There is a standard method which is sketched below. Forget about the initial conditions $a_1=1$, $a_2=3$ for now. We look for solutions of the recurrence relation of the shape $a_n=x^n$, where $x$ is a number to be determined.

Substituting in the recurrence, we get $x^{n+2}=x^{n+1} +x^n$. Forgetting about the possibility $x=0$, which mostly can't happen, this reduces to $x^2-x-1=0$. Solve. We get $$x=\frac{1\pm\sqrt{5}}{2}.$$ Call the two roots $\alpha$ and $\beta$. (The number $\frac{1+\sqrt{5}}{2}$ is a famous number, often called the Golden Number. It even has two standard symbols attached to it, $\varphi$ and $\tau$.)

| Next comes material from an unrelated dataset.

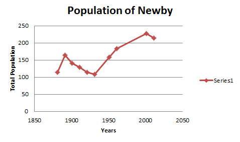 Total Population of Newby Civil Parish, Cheshire, as reported by the Census of Population from 1881 to 2011
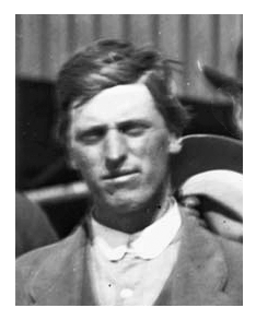 Portrait of Charles H. Sharman at UPRR Golden Spike ceremony. this is from the Andrew Russell photograph of engineers at the ceremony

Now look for numbers $A$ and $B$ such that the expression $A\alpha^n+B\beta^n$ satisfies your initial conditions. (If you have studied Differential Equations, the procedure will be structurally familiar, for good reason.)

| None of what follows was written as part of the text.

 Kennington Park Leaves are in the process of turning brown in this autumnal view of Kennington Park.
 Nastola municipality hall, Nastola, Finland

The suitable $A$ and $B$ are not hard to find. We get $A=B=1$. To check that $a_n=\alpha^n +\beta^n$ is indeed the solution, note that $A\alpha^n+B\beta^n$ satisfies our recurrence for any $A$ and $B$. Choosing $A$ and $B$ so that the initial conditions are satisfied forces the formula to be correct for all $n$.

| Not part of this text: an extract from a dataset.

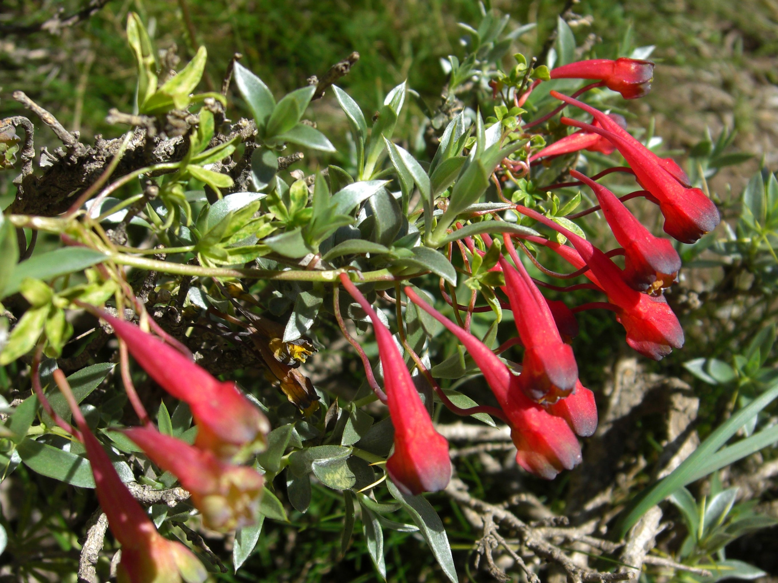 Tropaeolum tricolor Sweet – 20081121.7 – mountains east of Santiago, Chile – Thanks, benito.fotos, for the ID! Without the family I had no chance.

It would have been a little more pleasant to find $A$ and $B$ if we had been given the usual initial conditions $a_0=2$, $a_1=1$. Whether we start at $a_0$ or $a_1$, the sequence is called the Lucas sequence.

Remark: Variants of this idea work for all linear homogeneous recurrences with constant coefficients. Look in particular at the recurrence $a_{n+1}=3a_n-2a_{n-1}$ that you solved successfully by thinking.

Use the same procedure. We arrive at the equation $x^2-3x+2=0$, which has roots $\alpha=2$, $\beta=1$. Now we try to find $A$ and $B$ such that $A\alpha^n+B\beta^n$ satisfies our initial conditions. So we want $A(2)+B(1)=3$, $A(2^2)+B(1^2)=5$. We get $A=1$, $B=1$. This yields the formula that you already know.

There are other general methods of doing the same thing, such as generating functions.

Solution 2:

Besides Andre Nicolas approach you could also try the following: Generating functions, define (just for a little cleaner solution) $b_0=a_1$, $b_1=a_2$, and in general $b_m=a_{m+1}$.

Let $F(t)=\sum_{n=1}^\infty b_nt^n$. Then $$b_{n+2}=3b_{n+1}-2b_n$$$$b_{n+2}t^{n+2}=3b_{n+1}t^{n+2}-2b_nt^{n+2}$$Taking summation from $n=0$ to infinity: $$\sum_{i=2}^\infty b_it^i=3t\sum_{i=1}^\infty b_it^i-2t^2\sum_{i=0}^\infty b_it^i$$$$F(t)-b_1t-b_0=3t(F(t)-b_0)-2t^2F(t)$$Using the inital conditions:$$F(t)-5t-3=3t(F(t)-3)-2t^2F(t)$$$$F(t)(1-3t+2t^2)=3-4t$$Thus, $$F(t)=\frac{3-4t}{1-3t+2t^2}$$ Break it $$F(t)=\frac{2}{1-2t}+\frac{1}{1-t}$$and that $\sum x^k=\frac{1}{1-x}$ where the sum goes form $k=0$ to infinity we get:$$F(t)=2\sum (2t)^k+\sum t^k$$Thus $b_n=2(2^n)+1$

And moving it back to your initial sequence of $a_n$ you get indeed: $$\boxed{a_n=2^n+1}$$

Solution 3:

Another standard method is the matrix method, which is the same as the Fibonacci sequence but with different starting vector. The same solution applies.

Solution 4:

Here's a slightly ad hoc approach to your problem b): It's easy to see that $a_1 = 1 = 0+1 = F_0+F_2$ and that $a_2 = 3 = 1+2 = F_1+F_3$; since any linear combination of Fibonacci numbers satisfies the Fibonacci recurrence (proof: if $S_n=\sum_i a_i F_{n+i}$, then $S_{n-1}+S_n $ $= (\sum_i a_i F_{n+i-1})+(\sum_i a_i F_{n+i}) $ $= \sum_i a_i(F_{n+i-1}+F_{n+i}) $ $= \sum_i a_iF_{n+i+1} $ $= S_{n+1}$) then $a_n = F_{n-1}+F_{n+1}$ must hold for all $n$.